Tuesday 7 February 2012

Ranger de dobradiças

Pessoas deveriam parecer paredes e eu descobri isso depois que me revelaram esta mesma frase e seus porquês. Deveriam parecer o cheiro das teclas do piano e a textura da asa da Xícara nos dedos. E por alguma razão, elas eram tudo isso naquela tarde onde não era eu quem meditava durante os quarenta minutos do meu - quase previsível - atraso.
Foi bom ver que dessa vez os olhos passeavam atentos e não se perdiam no tédio como da outra vez - quando teve que escutar as mesmices femininas sobre regras de vestuário. Imaginava-se homem por dentro, às vezes.
O café não esfriava e tampouco terminava. E foi escorrendo assim pela garganta, aos poucos, mas quente até a hora em que finalmente acabou e - quase sincronizadamente - eu cheguei. E vi seus olhos e deveria até trocar a ordem dos parágrafos no texto, mas vou deixar assim.
"As pessoas parecem paredes", você disse. Eu lhe olhei com a minha cara de quem sabe que vai ouvir uma poesia provinda de uma conversa-consigo-mesma que provavelmente ocorrera antes d'eu chegar. Sorri e você deu entrada a série de explicações que entravam em outras explicações, que estalavam no salto da mulher que passava, fazendo aquele tec-tec-tec - que eu sempre achei meio mórbido - no ambiente que pareceu parar pra deixá-la tec-tequear por ali.

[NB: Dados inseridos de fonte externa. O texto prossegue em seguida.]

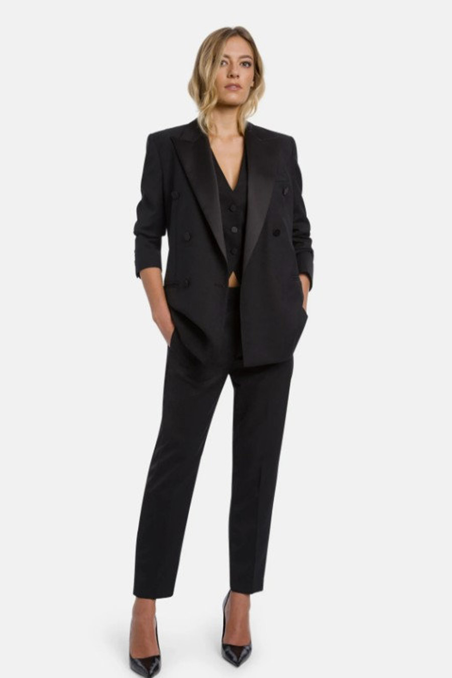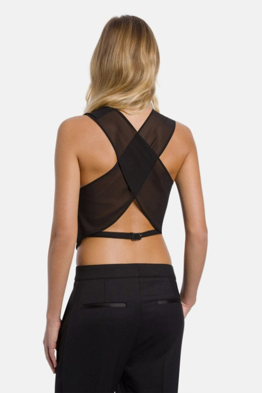 Slim-fit Dondup gabardine wool blend waistcoat with V-neckline, three covered buttons, welt pockets and voile crossover back.

Você iniciou a explicação de gesticular tão calmo quanto a fumaça dos cafés alheios que sumiam nas gargantas dos executivos, das senhorinhas discutindo um programinha cultural, - segundo o que você me disse, era a mesa mais interessante - dos homens que (ou)viam a moça de salto ir embora e até no vestido da mãe de um menininho de uns dois anos que não se conformava em ser pequeno demais pra cafés - aqui você atrapalhou um pensamento pra dizer que crianças pareciam com cachorros e quando eu perguntei porque, você disse pr'eu perguntar depois. Falou sobre a estrutura das paredes, riu por estar sob efeito de remédios que - apesar de receitados - tinham um efeito semelhante à qualquer coisa ilegal (sem apologias) e, no fim, soltou aquele suspiro satisfeito: "É que, na verdade, a gente começa como tijolinhos bem colocados, mas vai quebrando, vão colocando umas pedras meio tortas, deixando buracos pra tapar com cimento... por isso a gente acaba parecendo essa parede aí". E o queixo indicou a dita cuja, toda irregular, com reboco aparecendo - truque do designer de interiores pra tornar tudo mais rústico.

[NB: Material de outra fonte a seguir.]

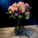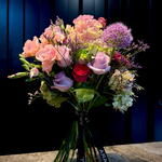 Delicado ramo de autor en tonos pastel, compuesto por rosas frescas, lisianthus, clavel, crisantemo, hortensia y flores decorativas de temporada. Ligero, elegante y muy armonioso, perfecto para cumpleaños, felicitaciones o un detalle especial. El ramo está diseñado en un estilo moderno y transmite ternura y alegría. Posibilidad de añadir una tarjeta con su mensaje personalizado.
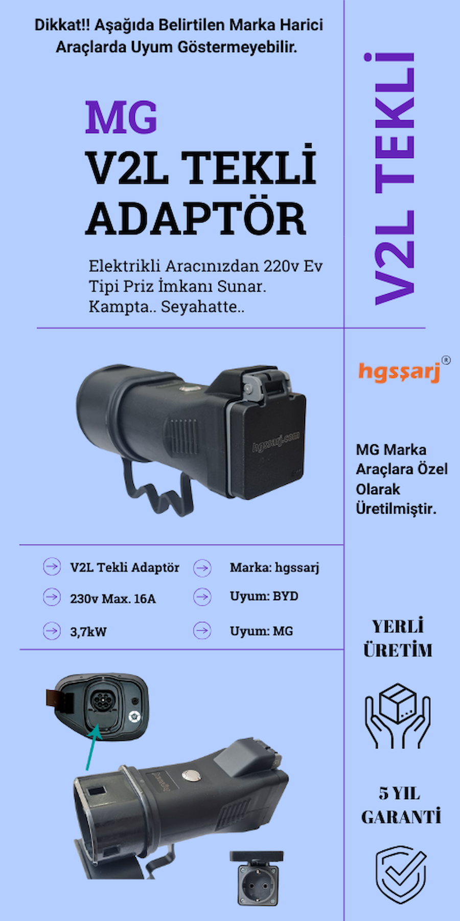 Hgsşarj Mg, V2L Tekli Adaptör, Elektrikli Aracınıza 220V Ev Tipi Priz İmkanı. Kampta - Seyahatte

O piano recomeçou - eu nem sei se ele havia parado. Eu me desatentei do resto por reconhecer na melodia o som dum filme. Famoso, até. Arrepiei, como de costume e "Ah, o Cinema", claro que com a também costumeira empolgação que eu tenho pro assunto.
Você terminou o café, eu pedi um frapê.
No meio dos nós nada cegos que a nossa conversa dava, tinha um guardanapo, uma caneta-que-a-garçonete-havia-tão-gentilmente-te-emprestado e os rabiscos que a caneta fez no guardanapo. Era um poema que ainda era um feto-de-poema, mas tava poemado. "Ei, tira a mão da boca!", sua voz de reprovação ardeu nas minhas unhas roídas e eu tirei, rindo. A mulher voltou tec-tec-tec com o salto e o namorado - e os homens desviaram o olhar (por uns segundos). Pareciam o casal que você estava observando antes d'eu chegar, só que menos irritados um com o outro. Ele puxou a cadeira, ela sentou e deu uma piscadela... para o homem na outra mesa.
O bebê parou de chorar - há muito, mas eu demorei pra notar - e você pediu a conta (eu já tinha terminado meu frapê). A garçonete, a mesma que tinha emprestado a caneta, a recebeu de volta e ganhou de brinde um sorriso e um "Muito obrigada". Sorriu de volta.
Fomos atrás de livros, depois de galerias, depois de um irlandês num bar no meio de um bairro tradicional de Recife. O nosso terceiro elemento chegou meio atrasado, mas chegou e comprou pipoca com leite condensado que foi motivo de piadas. Os livros voltaram a ser analisados, agora sob o olhar de seis (ou dois?) olhos. Éramos os três quase-poetas porque a gente havia esquecido de levar os cadernos que tanto disseram pra gente não esquecer. Éramos todos poetas porque a gente tinha deixado de anotar versos pra viver poemas inteiros no solavanco dos passos que nem precisavam andar assim no mesmo compasso, que se entendiam fazendo música - que o nosso atrasado elemento adorava imitar com as mãos. Éramos, na verdade, três. Três... portas. Pra passar pelas paredes.